=== Records shown ===
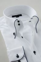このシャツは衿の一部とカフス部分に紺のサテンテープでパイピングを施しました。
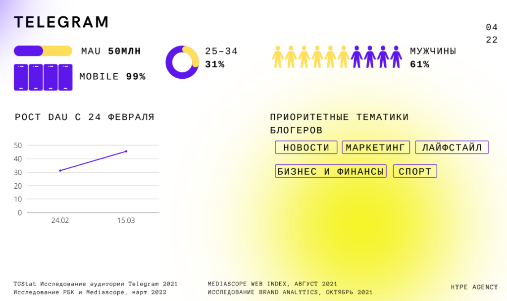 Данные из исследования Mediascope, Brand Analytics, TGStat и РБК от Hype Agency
===
=== Records shown ===
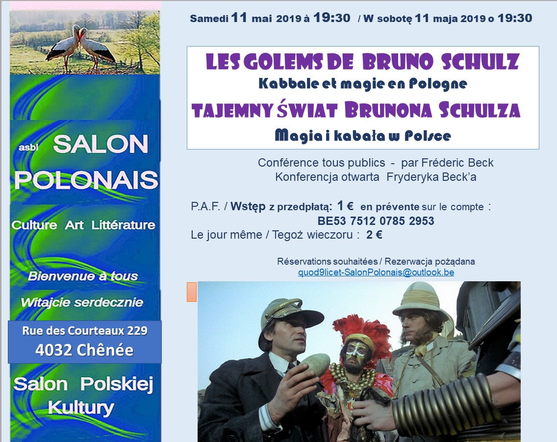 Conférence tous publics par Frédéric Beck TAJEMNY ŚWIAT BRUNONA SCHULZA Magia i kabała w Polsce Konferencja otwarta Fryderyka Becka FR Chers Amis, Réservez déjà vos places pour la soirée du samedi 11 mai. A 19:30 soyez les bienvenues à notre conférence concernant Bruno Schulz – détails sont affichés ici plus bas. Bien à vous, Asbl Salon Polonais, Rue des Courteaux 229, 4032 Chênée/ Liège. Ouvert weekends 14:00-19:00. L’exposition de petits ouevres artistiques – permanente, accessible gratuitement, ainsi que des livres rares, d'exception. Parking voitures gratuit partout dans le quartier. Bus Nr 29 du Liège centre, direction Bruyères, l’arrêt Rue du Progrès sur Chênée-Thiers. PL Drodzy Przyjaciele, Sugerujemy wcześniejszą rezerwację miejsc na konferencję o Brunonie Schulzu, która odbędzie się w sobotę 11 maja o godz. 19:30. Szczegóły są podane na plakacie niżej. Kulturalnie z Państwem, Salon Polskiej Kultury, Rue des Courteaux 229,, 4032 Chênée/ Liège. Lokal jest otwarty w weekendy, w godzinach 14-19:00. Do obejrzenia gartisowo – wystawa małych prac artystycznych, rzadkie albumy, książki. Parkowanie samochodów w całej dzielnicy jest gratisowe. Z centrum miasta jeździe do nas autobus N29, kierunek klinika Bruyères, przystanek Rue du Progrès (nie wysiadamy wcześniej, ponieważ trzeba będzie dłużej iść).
===
=== Records shown ===
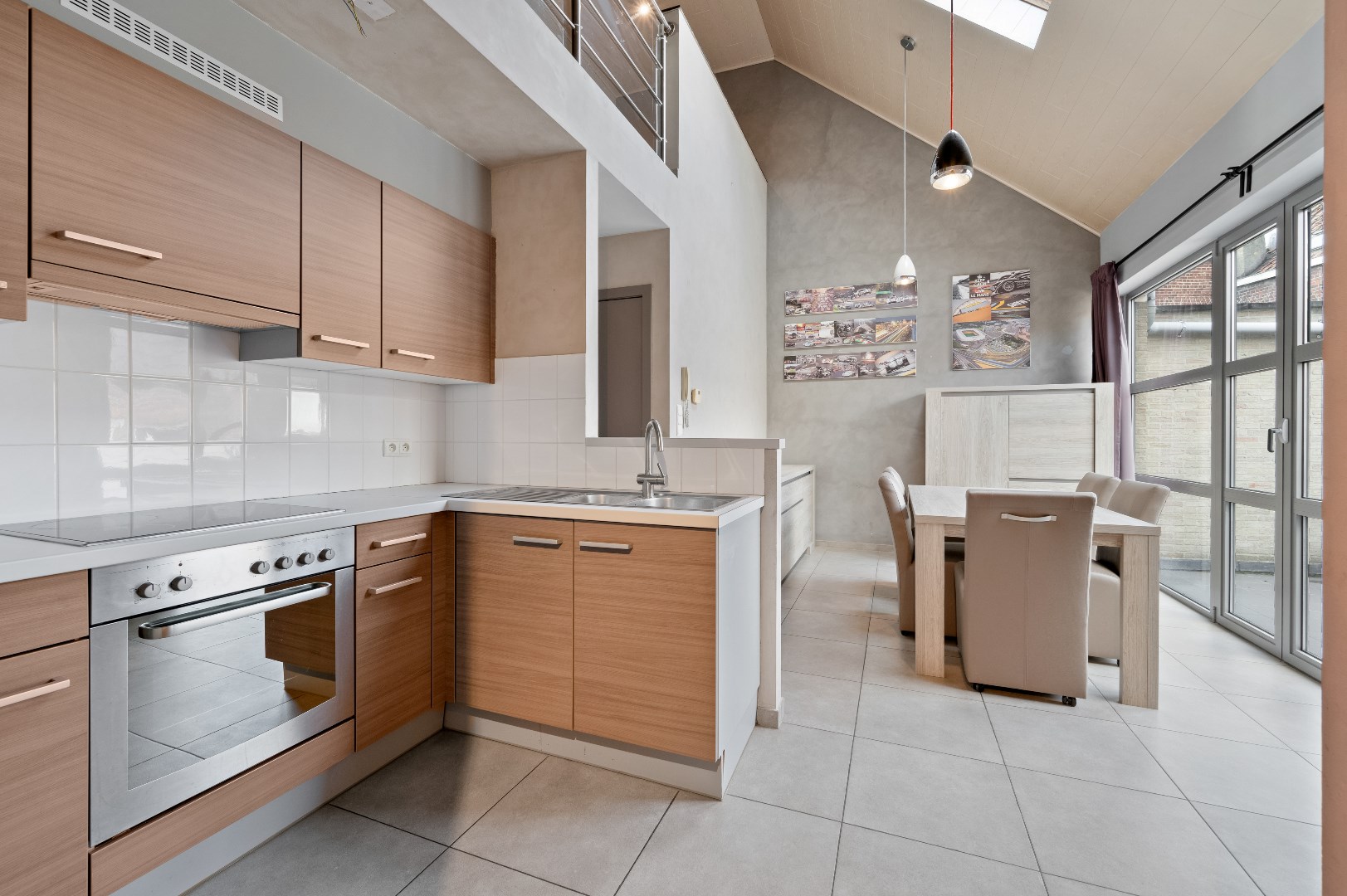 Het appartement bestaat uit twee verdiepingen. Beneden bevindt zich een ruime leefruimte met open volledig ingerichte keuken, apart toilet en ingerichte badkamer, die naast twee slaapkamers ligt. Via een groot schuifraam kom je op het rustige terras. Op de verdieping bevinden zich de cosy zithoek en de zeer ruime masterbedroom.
===
What the task asks:
How would the lines above read from the one with "このシャツは衿の一部とカフス部分に紺のサテンテープでパイピングを施しました。" to the one with "Данные из исследования", inclusive, with no pictures? Write them out exactly.

The completed task:
このシャツは衿の一部とカフス部分に紺のサテンテープでパイピングを施しました。
 Данные из исследования Mediascope, Brand Analytics, TGStat и РБК от Hype Agency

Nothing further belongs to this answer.